Internal
displacement continues to rise at an alarming pace, with an estimated 83.4
million people living in displacement globally at the end of 2024 (IDMC, 2025).
As crises become more frequent, complex, and overlapping, humanitarian
actors face growing pressure to generate timely, reliable, and
actionable insights on population movements to inform preparedness,
response, and recovery.
Digital
trace data — such as anonymised Call Detail Records (CDRs), GPS-enabled mobile
phone data, satellite imagery, and aggregated social media usage
statistics — offer new opportunities to complement traditional displacement
data systems.
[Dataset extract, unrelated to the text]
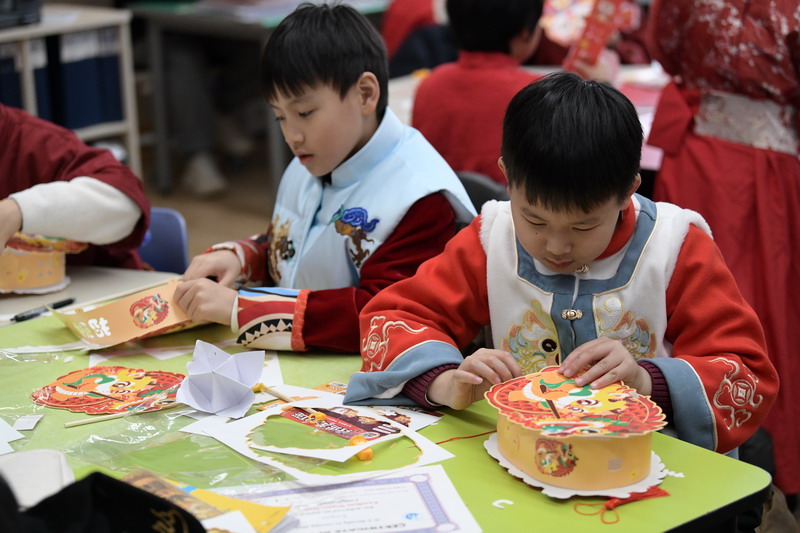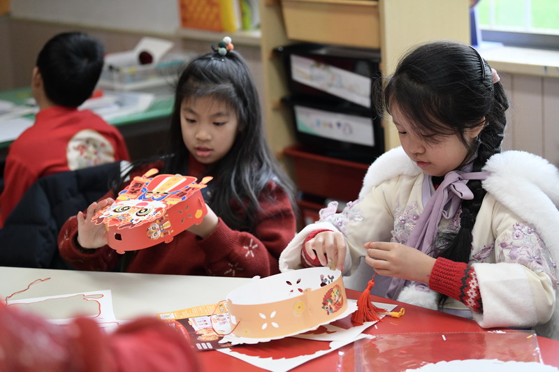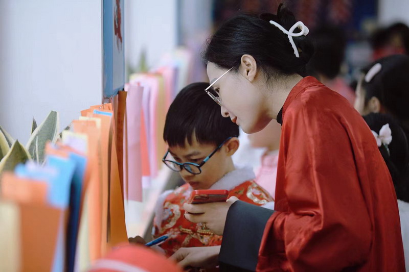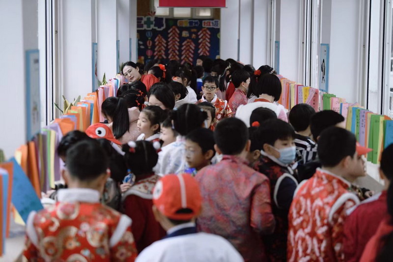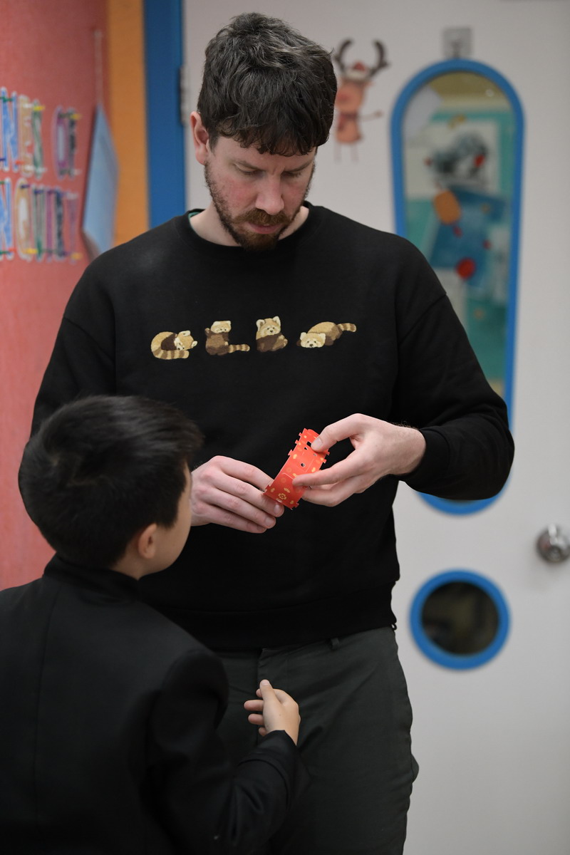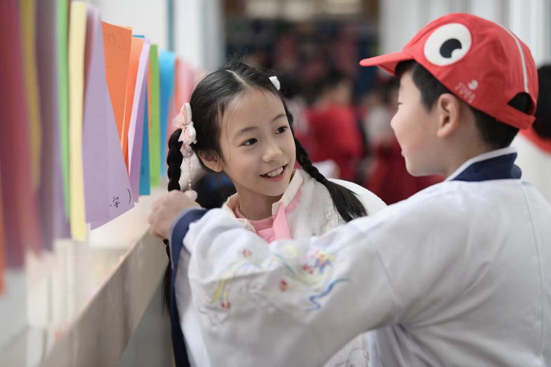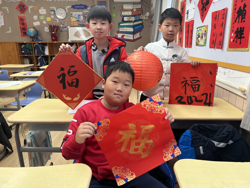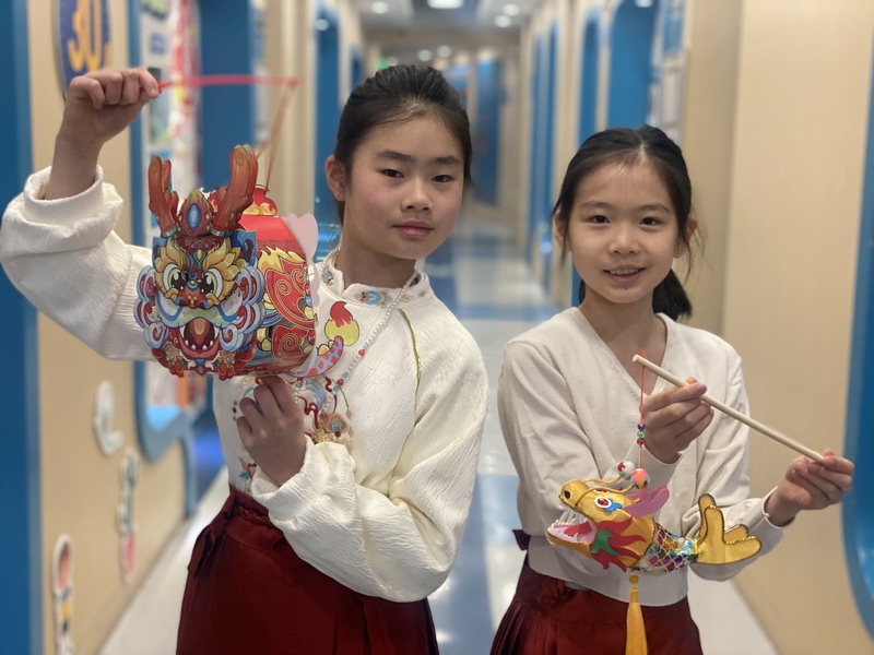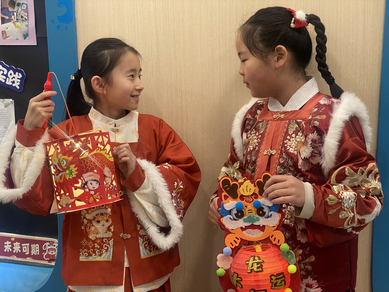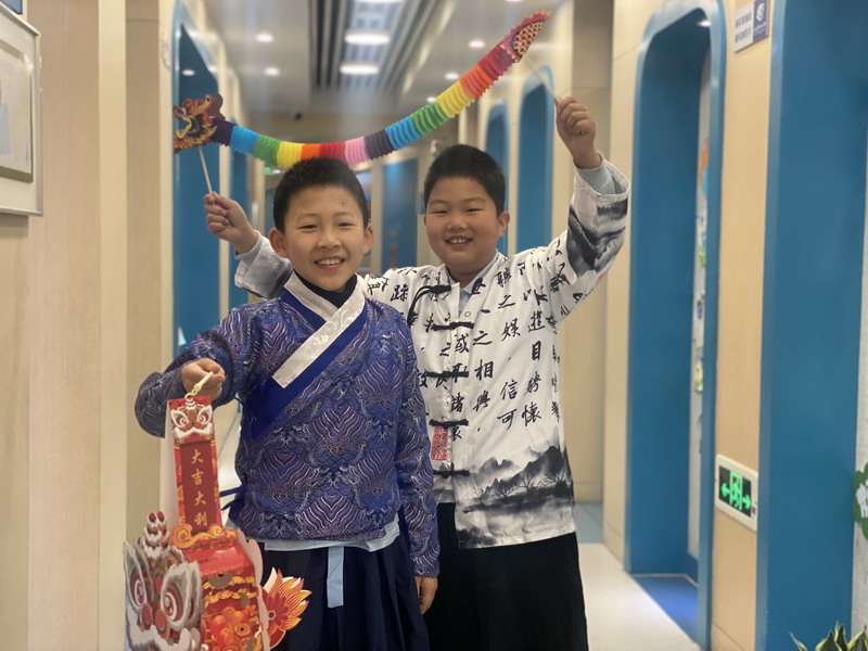 四年級的同學們則負責掛燈籠。寒假里,他們認真制作了形狀各異的燈籠。開學伊始,他們小心翼翼地將新年燈籠掛在校園里,讓校園變得更加溫馨和喜慶。來來往往的師生們駐足欣賞、討論,感受傳統燈籠的魅力。

When responsibly integrated, these data can improve the
timeliness, spatial resolution, and coverage of movement estimates,
particularly in rapidly evolving, insecure, or access-constrained
contexts. At the same time, significant challenges remain, including
methodological uncertainty, bias and representativeness, interoperability
with existing humanitarian systems, ethical and privacy safeguards, and
barriers to operational uptake.
This in-person roundtable will bring together
organizations at the forefront of producing digital trace analyses alongside
those using or seeking to integrate these insights into
humanitarian decision-making. Moving beyond high-level discussions, the
session will focus on concrete use cases, practical trade-offs, and lessons
learned from applying digital trace data to real-world displacement and
mobility estimation across humanitarian, public health, and crisis
response settings.
contexts.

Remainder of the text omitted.